De proceskosten in verband met de door een derde beroepsmatig verleende rechtsbijstand zijn met toepassing van het Besluit proceskosten bestuursrecht bepaald op € 322,00 (1 punt voor het beroepschrift x € 322,00 x wegingsfactor 1).
- verklaart het beroep gegrond;
- vernietigt het bestreden besluit;
- bepaalt dat verweerder, met inachtneming van hetgeen in deze uitspraak is overwogen, binnen 4 weken na verzending van deze uitspraak op het bezwaar dient te beslissen;
- veroordeelt verweerder in de kosten die eiseres in verband met de behandeling van het beroep redelijkerwijs heeft moeten maken, tot op heden begroot op € 322,00, te betalen door de gemeente Deventer aan eiseres;
- gelast dat de gemeente Deventer aan eiseres het door haar betaalde griffierecht van € 281,00 vergoedt.
Gewezen door mr. J.H.M. Hesseling en in het openbaar uitgesproken op 28 december 2006 in tegenwoordigheid van mr. P. Bos als griffier.

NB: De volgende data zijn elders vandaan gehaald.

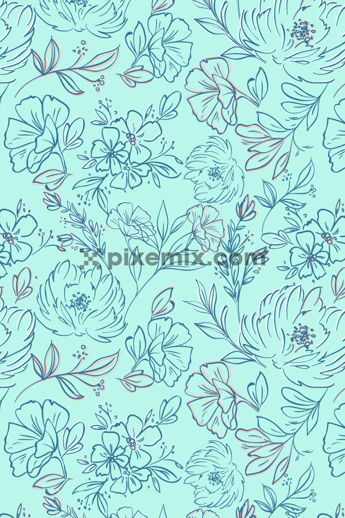 Floral doodle art vector poduct graphic with seamless pattern
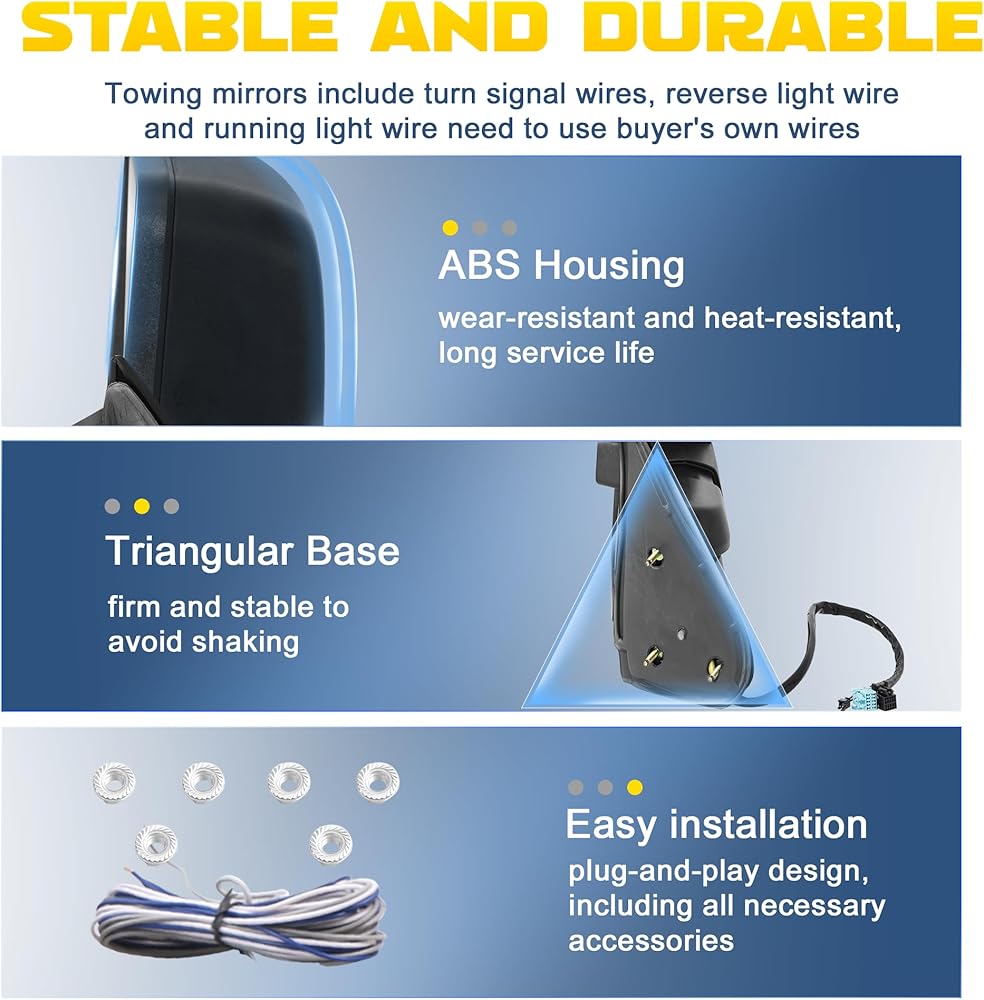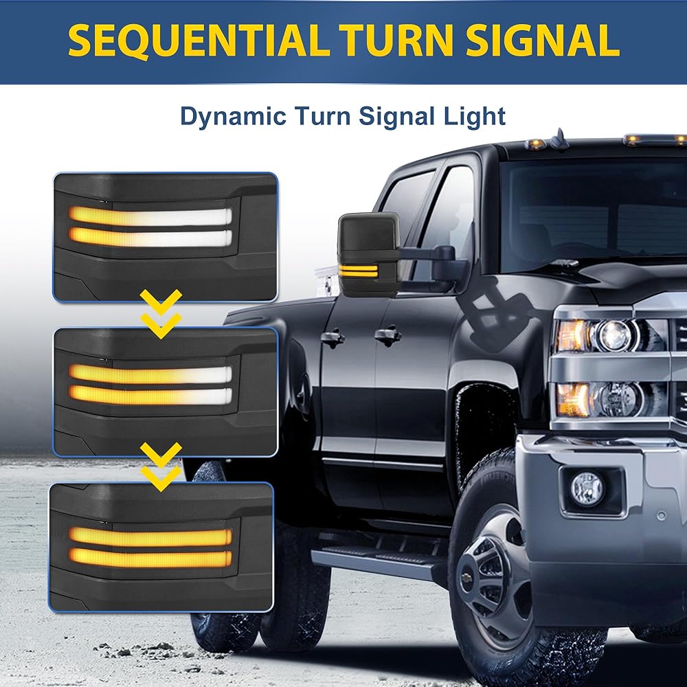 مرايا السحب مسخنة بالطاقة متوافقة مع 2003-2006 تشيفي جي إم سي يوكون سيريا سيلفرادو تاهو سوبربان مع إشارة انعطاف متتابعة عكس الضوء الأبيض تشغيل المرايا الجانبية 2 قطعة (أسود)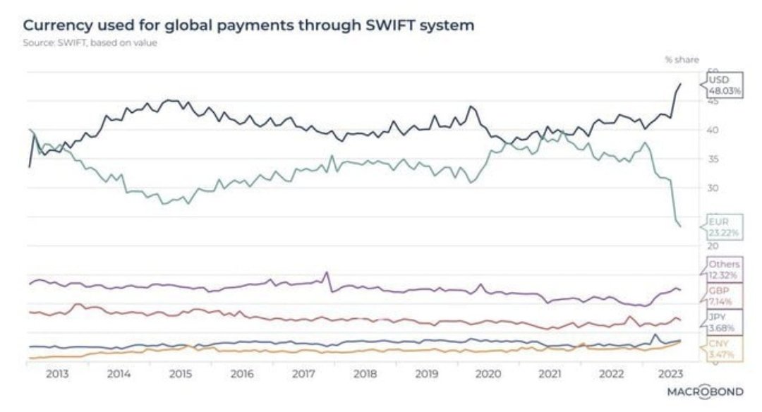 Anyone following the movements on the currency markets these days will notice that the US dollar is gaining massively and strength. The biggest problem child remains the eurozone, which is massively losing international significance in terms of Swift volume. The ECB will have to decide whether to defend interest rate spreads and sovereign debt or whether to continue to support its favorite child, the euro.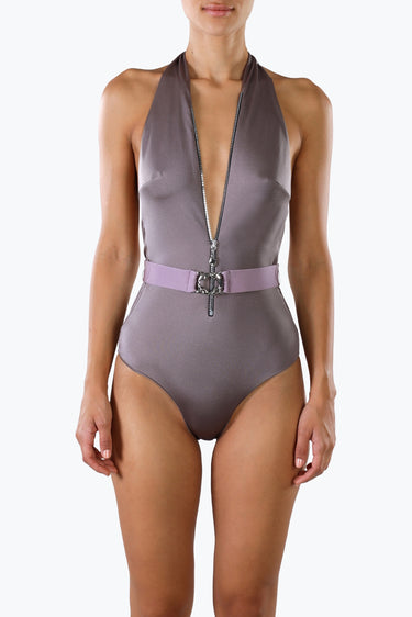 The chic Zelda One-Piece Swimsuit, designed to elevate your poolside elegance. This stunning piece features a gold centre zipper with a elastic belt with a statement embellishment, adding a touch of sophistication. The low-cut back and medium coverage bottom offer both style and comfort, making it the perfect swimsuit to wear on its own or paired with a cover-up for a versatile summer look.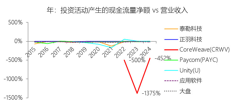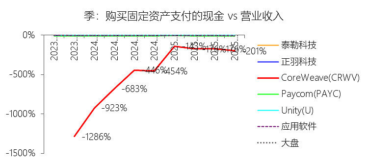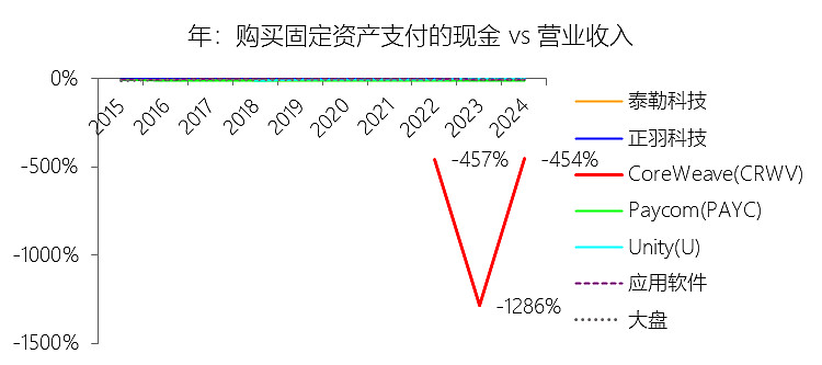 购买固定资产支付的现金:2025年,CoreWeaveInc-A的购买固定资产支付的现金为-103.09亿美元,绝对值同比增长18.47%,与营业收入的比例为-200.92%,同比上升253.4个百分点;2015-2024年(十年),此项合计为-117.18亿美元,平均比例为-542.43%,比应用软件行业的均值低539.41个百分点,长期呈上升趋势。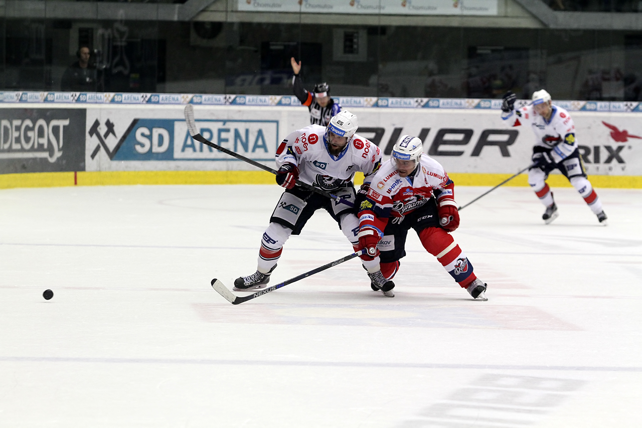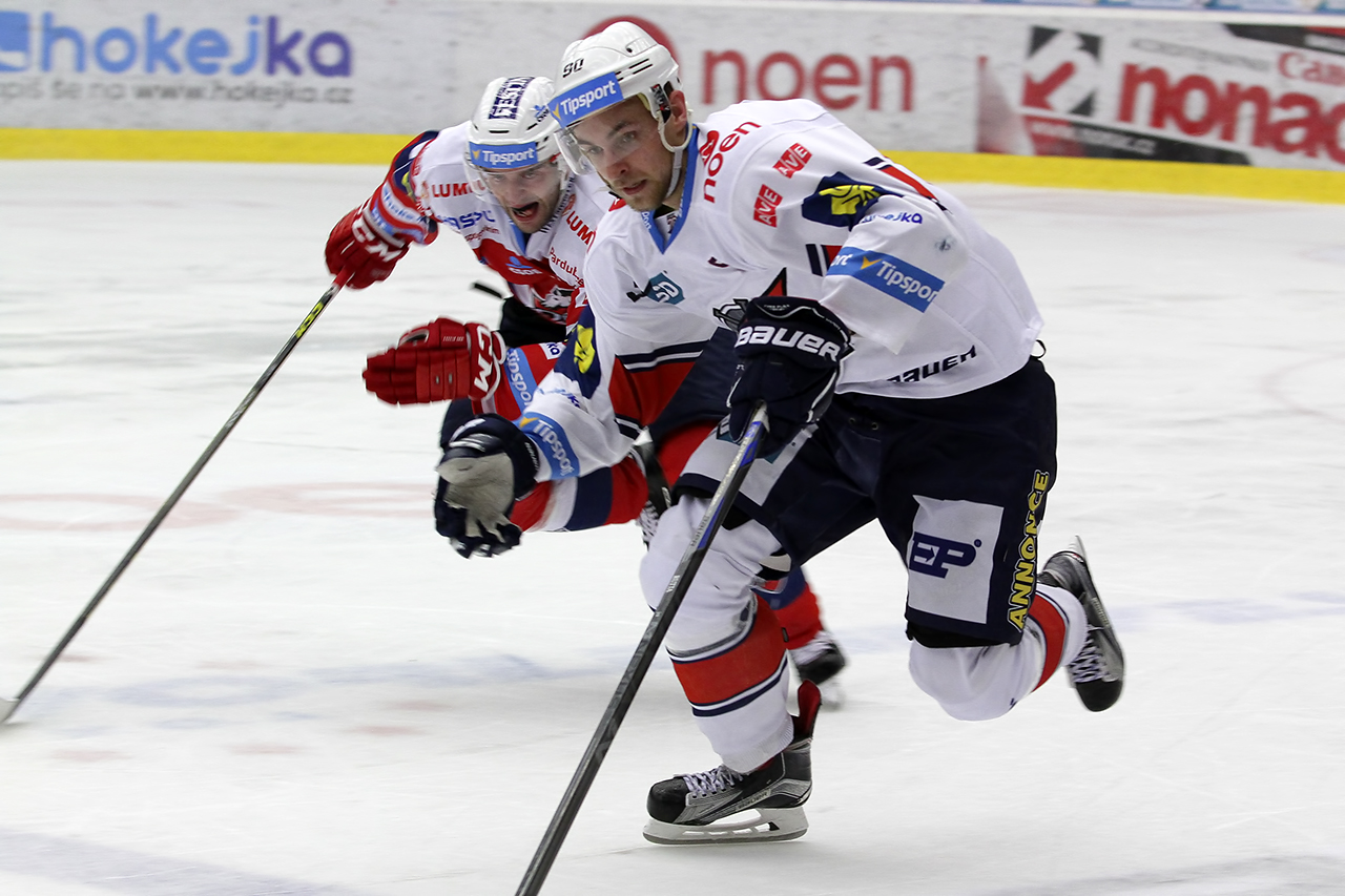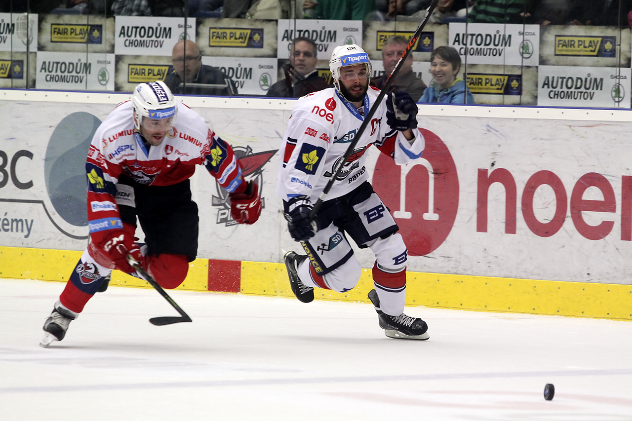 Jan Rutta postupuje kupředu pronásledovaný pardubickým soupeřem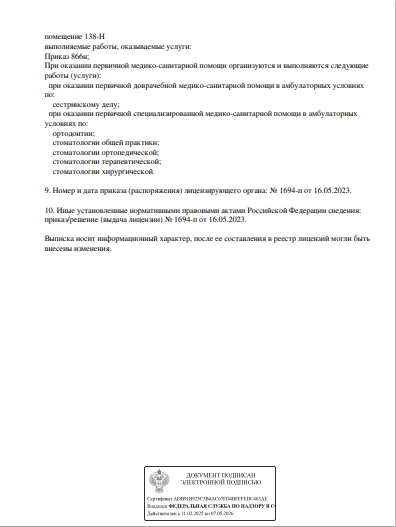 Проводит консультации, лечение кариеса, отбеливание зубов, профессиональную гигиену, лечение дёсен, реставрацию зубов, лечение каналов зубов, лечение под закисью азота, лечение под седацией, рентгенологию и КТ.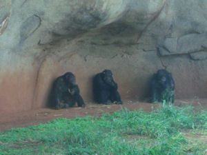 | 4日間のハワイ滞在中、この日だけはほぼ1日中、雨がやまず、チンパン君たちは迷惑顔。このあたり、ヒトとの近さを感じますね。 この3頭も、雨のやみ間にはてんでに遊んでいたのだが、降り始めると雨を避けられる場所に寄りあつまり、「見ざる言わざる聞かざる」みたいな絵づらになった。 |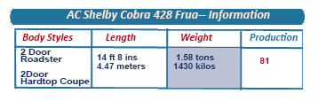 Throughout their long history, AC had meticulously maintained their tradition of producing only" two-seaters" and the Cobra 428 Frua was no exception, although this model sat on a wheelbase six inches longer than the 427.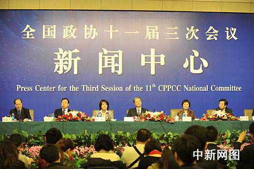 3月10日,全国政协十一届三次会议集体采访在两会新闻中心(梅地亚宾馆)多功能厅举行,山西省教育厅厅长李东福,华东师范大学党委书记张济顺,北京师范大学教育学院学前教育系主任刘焱,北京师范大学校长钟秉林,北京大学常务副校长、医学部常务副主任柯杨,宁夏回族自治区工商联副主席、银川大学校长孙珩超等政协委员就推进教育改革话题接受记者采访。中新网记者 杨威 摄

Tegen deze uitspraak staat voor een belanghebbende en het bestuursorgaan hoger beroep open. Dit dient te worden ingesteld binnen zes weken na de datum van verzending van deze uitspraak door een beroepschrift en een kopie van deze uitspraak te zenden aan de Afdeling bestuursrechtspraak van de Raad van State, Postbus 20019, 2500 EA Den Haag.